# Pampered Chef?



## mudbug (Dec 30, 1999)

I'm going to assume most of you professional cooks don't use much of this brand... Over the last few years, it's become increasingly popular and it seems some people swear by particular items they make. 

When I look up more info, sometimes I find no complaints about a particular product, other times it's 50/50.
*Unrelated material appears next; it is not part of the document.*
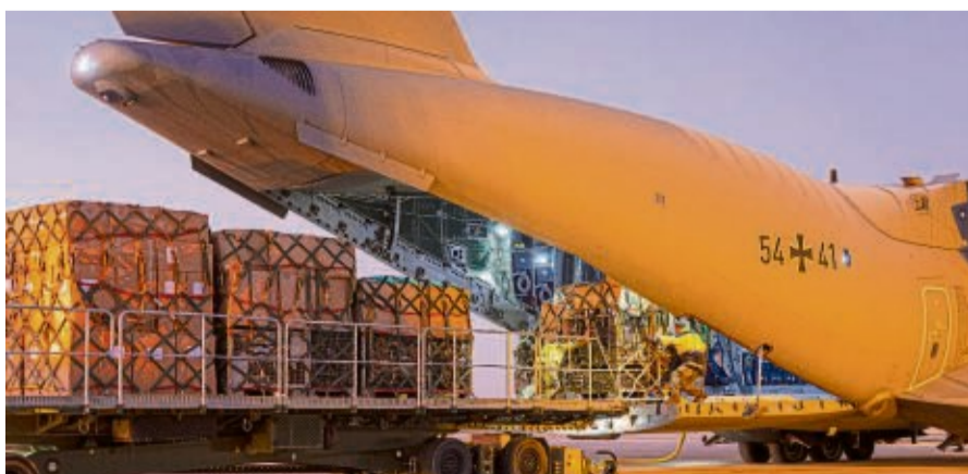
Die Luftwaffe der Bundeswehr schickt seit Donnerstag jeden Tag drei Maschinen mit Hilfsgütern in die betroffene Region.

Die Erdbebenkatastrophe in der Türkei und Syrien mit mindestens 22.000 Toten (Stand Freitag) hat auch im Bundestag für Trauer und Entsetzen gesorgt. Mit einer Schweigeminute gedachten die Abgeordneten am Mittwoch vor Eintritt in die Tagesordnung der Opfer, am Freitag wurde Trauerbeflaggung angeordnet. Der Ausschuss für Menschenrechte und humanitäre Hilfe beriet am Freitag in einer Sondersitzung über weitere Unterstützungsmaßnahmen. „Das Ausmaß an Tod, Zerstörung und Leid erschüttert uns zutiefst“, sagte Bundestagspräsidentin Bärbel Bas (SPD). Insbesondere in Syrien, wo die Not ohnehin schon besonders groß sei, verschärfe sich die Lage nun weiter. Umso wichtiger sei es deshalb, dass Hilfsorganisationen „schnell überall Zugang zum Katastrophengebiet bekommen“. Bas dankte im Namen des Hauses allen, die im Katastrophengebiet unter schwierigen Bedingungen helfen sowie „allen Menschen, die von Deutschland aus zu dieser Solidarität beitragen“. Bundeskanzler Olaf Scholz (SPD) versicherte zu Beginn seiner Regierungserklärung zum EU-Sondergipfel (siehe Seite 10), Deutschland liefere Hilfsgüter in die Türkei

What are your personal experiences with Pampered Chef products? Any particular gadgets you like or dislike....?


----------



## mezzaluna (Aug 29, 2000)

I bought a rectangular baking stone a few years ago and really like it for bread and pizza. It did break, but they replaced it. A Pampered Chef party was the first time I'd ever seen one of those rubber 'cannolis' for peeling garlic.


----------



## carolinebru (Mar 6, 2012)

before going to school my mom and i were both consultants - i would never use their pots and pans in a professional kitchen ( but mine is full of them) but i find alot of their tools are really great. (definitely better knives to be found though)


----------



## thatchairlady (Feb 15, 2012)

SIL did Pampered Chef demos for a few years... she was GOOD at it and her parties were always fun and involved lots of food.  Bought on of their pizza stones, used it for YEARS, and then broke it... MY FAULT... worked fine.  A lot of their things are total one-hit-wonders.  If you have the room for a bunch of gizmos that only do ONE thing... good for you.  She accumulated a LOT of their products.  Got a whole set of non-stick cookware... no complaints.  Personally, think a lot of it is over-priced??   She gave me one of their chopper-thingies.  It worked just fine, but found I was reaching for a decent knife before digging that thin out of kitchen cabinet.


----------